As you finalize the creation process, you may notice the following message being displayed: “Before starting your experiment, you need to assign the experiment identity to each resource targeted.”

Image of the the Chaos Studio user interface showing the create experiment screens review and create tab. It has a message: before starting your experiment, you need to assign the experiment identity to each resource targeted.

If you remember earlier, in the security overview of this post. I wrote that one of the first things you will need to do after the experiment has been created is to grant the system-assigned managed identity the correct permissions, to all resources that the experiment will target through the selectors. So, let’s do this next. Head on over to the NSG and open up the “Access control (IAM)” and “Add” a role assignment. You can select the “Network Contributor” role and as for the members, you will need to “assign access to” a “User, group, or service principal”. Click “Select members” and a pop-out menu should appear, type the name of your experiment and you can select its service principal there!

Image of the network security groups access control settings, showing the add role assignment screen. We have selected the network contributor role and are assigning access to the service principal with the name of our chaos experiment.

Once you’ve created and assigned the role to the service principal, you should be ready to start the experiment! Open up the experiment again either by going to the resource itself or through Chaos Studio and hitting the “Start” button.

Image of the chaos experiment resource, it appears to be in running state.

As soon as the experiment is running, you can inspect the details to find out which branches are being executed at the moment.

Image of the chaos experiment resources run details. It lists a single step called change NSG inbound rules, with a single branch Add deny web rule and a Fault action called securityRule/1.0. All three items are in the running state.

Looking at the network security group’s inbound rules reveals that a new rule has been added by the experiment.
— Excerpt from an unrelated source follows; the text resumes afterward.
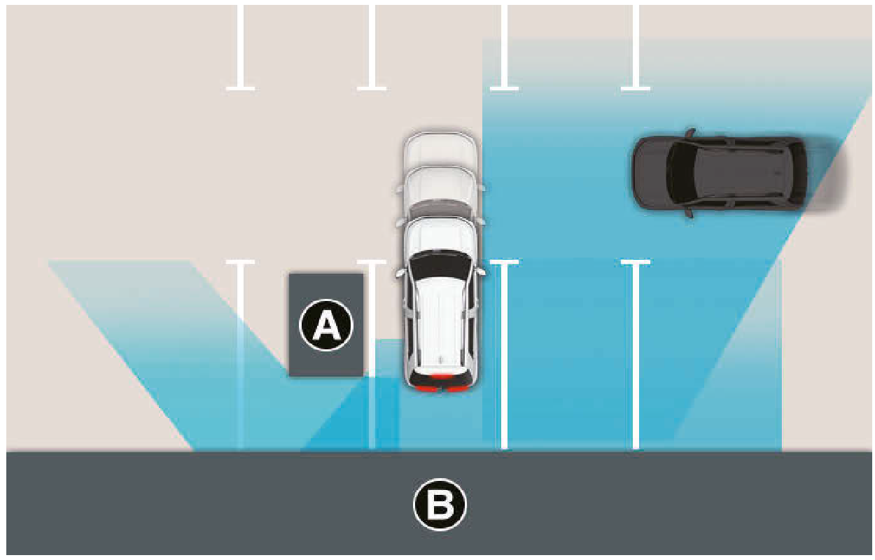 - 如果感知器被阻擋或故障時車輛熄火並重新啟動,此狀況會維持。因此,後方交會碰撞避免輔助可能無法正常操作。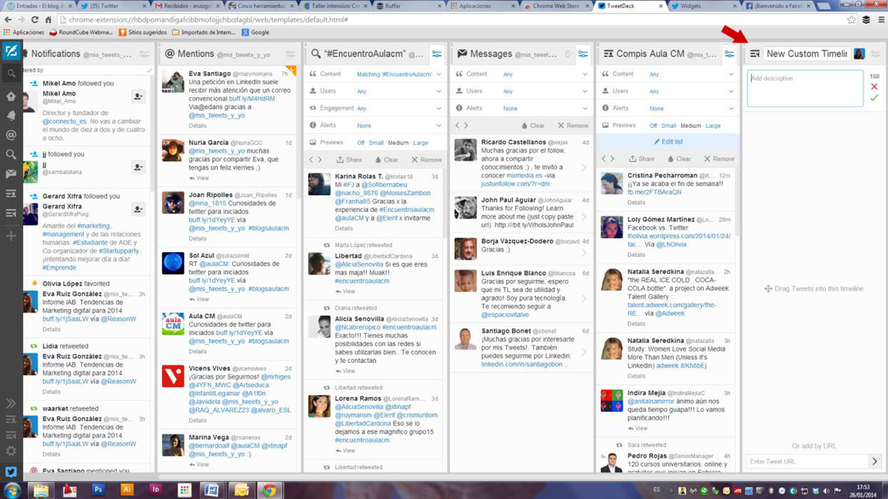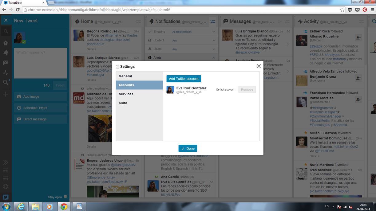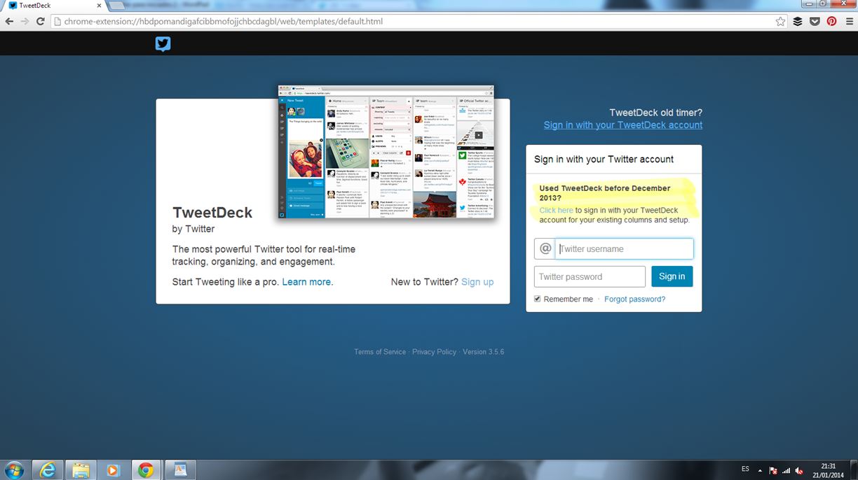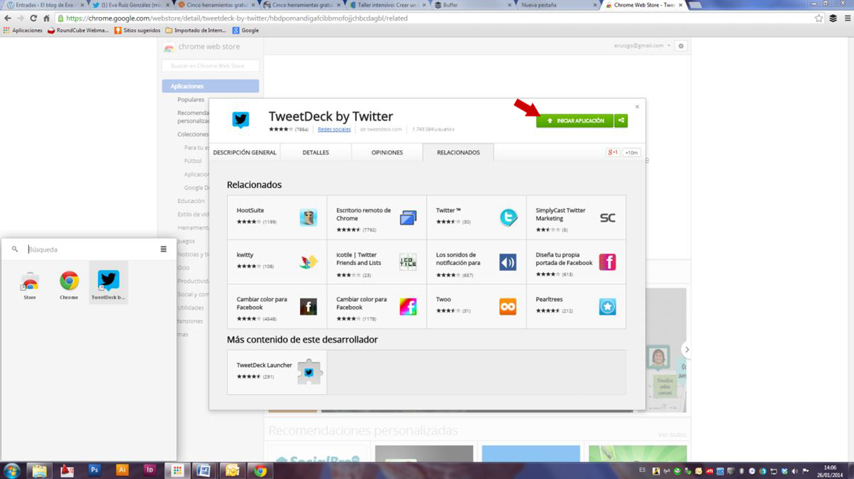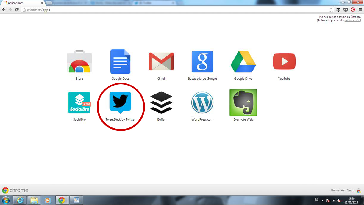TweetDeck es una aplicación que deberás instalar en tu ordenador. Para ello abre el Google Chrome (olvídate de otro navegador), buscar TweetDeck by Twitter en el Chrome Web Store (tanto por vía web como a través de un icono que aparece en el apartado «Aplicaciones» del navegador) y pulsar el botón «+ GRATIS» para descargarla.

As the experiment completes, this inbound rule will be removed.

Image of the network security groups overview, the inbound rules show the deny rule that the chaos experiment has added. The rule has priority 101.

The website should also no longer be accessible, which is excellent since this is exactly what we want. We can use these conditions to detect weaknesses in our system’s design and use that knowledge to make our application more resilient!

Rubbing some DevOps on it

💡 Update November 15, 2021: Initially I was unable to deploy create targets and capabilities through ARM (or Bicep). After re-examining my choices and a little tinkering, I have found a solution.

I have included another ARM template, in the GitHub repository, that incorporates all of the previous steps into a single deployment. This can be useful should you want to onboard targets, assign capabilities and deploy chaos experiments through a DevOps pipeline.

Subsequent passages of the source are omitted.